#### PROMPT
Could you return the data that follows exactly, minus the images?

#### RECORDED DATA
=== Begin Enclosure ===

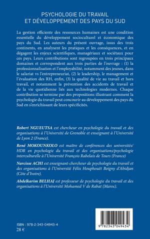 La gestion efficiente des ressources humaines est une condition essentielle du développement socioculturel et économique des pays du Sud. Ces contributions en analysent les pratiques et les conséquences, et en dégagent les enjeux scientifiques, managériaux et sociétaux. Elles s'intéressent à la professionnalisation et l'employabilité, notamment des jeunes, dans le salariat vs l'entrepreneuriat, au leadership, au management et à l'évaluation des RH, et à la qualité de vie au travail et hors travail.
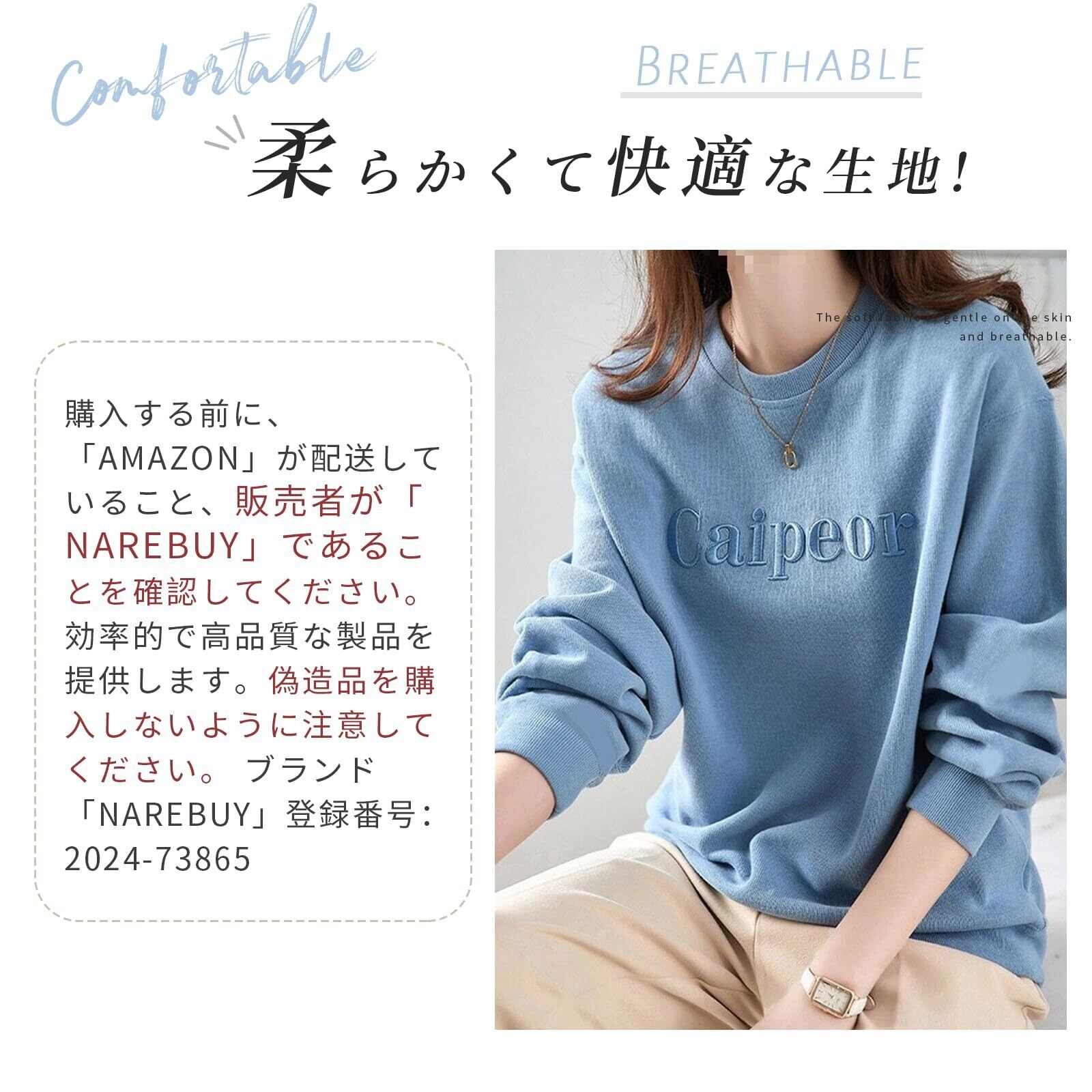 【在庫処分】[Narebuy] トレーナー レディース ラウンドネック オーバーサイズ 長袖トップス logo 無地 着回し力 ゆったり キャンパススタイル 人気 ファッション かわいい レイジースタイル お出掛け カジュアル 春 秋 冬 | 無意味ステッカー
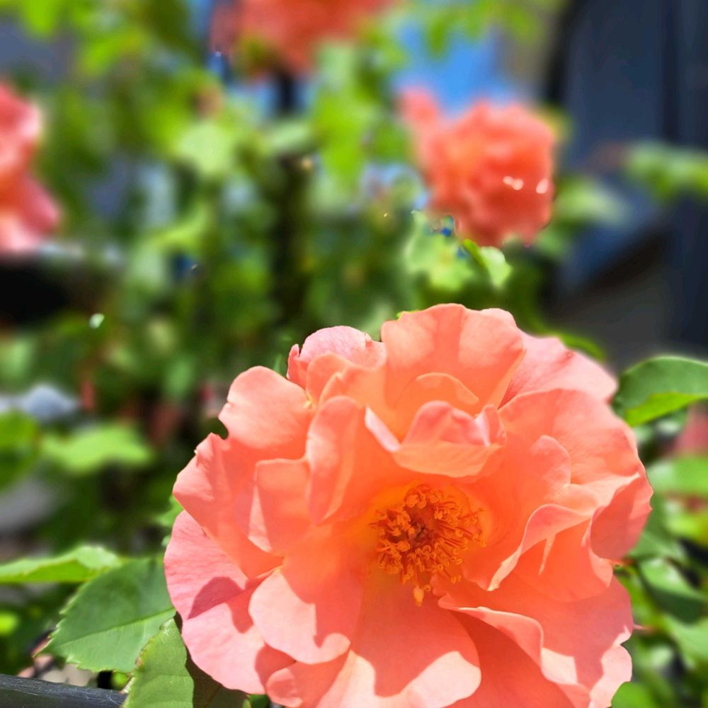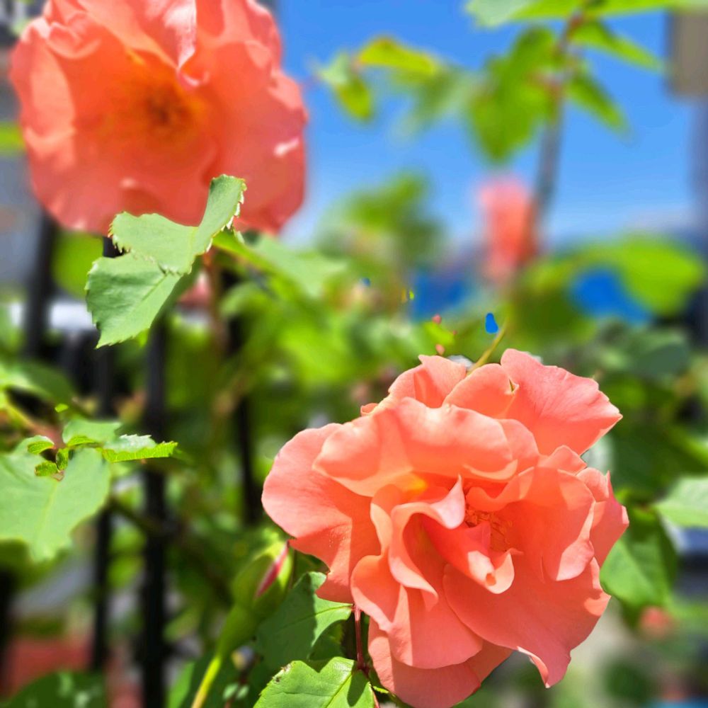 青空にオレンジ色が眩しいサンセットグロウ🌹ひらひらととても綺麗。たくさん咲いています。

=== End Enclosure ===

#### EXERCISE RESULT
 La gestion efficiente des ressources humaines est une condition essentielle du développement socioculturel et économique des pays du Sud. Ces contributions en analysent les pratiques et les conséquences, et en dégagent les enjeux scientifiques, managériaux et sociétaux. Elles s'intéressent à la professionnalisation et l'employabilité, notamment des jeunes, dans le salariat vs l'entrepreneuriat, au leadership, au management et à l'évaluation des RH, et à la qualité de vie au travail et hors travail.
 【在庫処分】[Narebuy] トレーナー レディース ラウンドネック オーバーサイズ 長袖トップス logo 無地 着回し力 ゆったり キャンパススタイル 人気 ファッション かわいい レイジースタイル お出掛け カジュアル 春 秋 冬 | 無意味ステッカー
 青空にオレンジ色が眩しいサンセットグロウ🌹ひらひらととても綺麗。たくさん咲いています。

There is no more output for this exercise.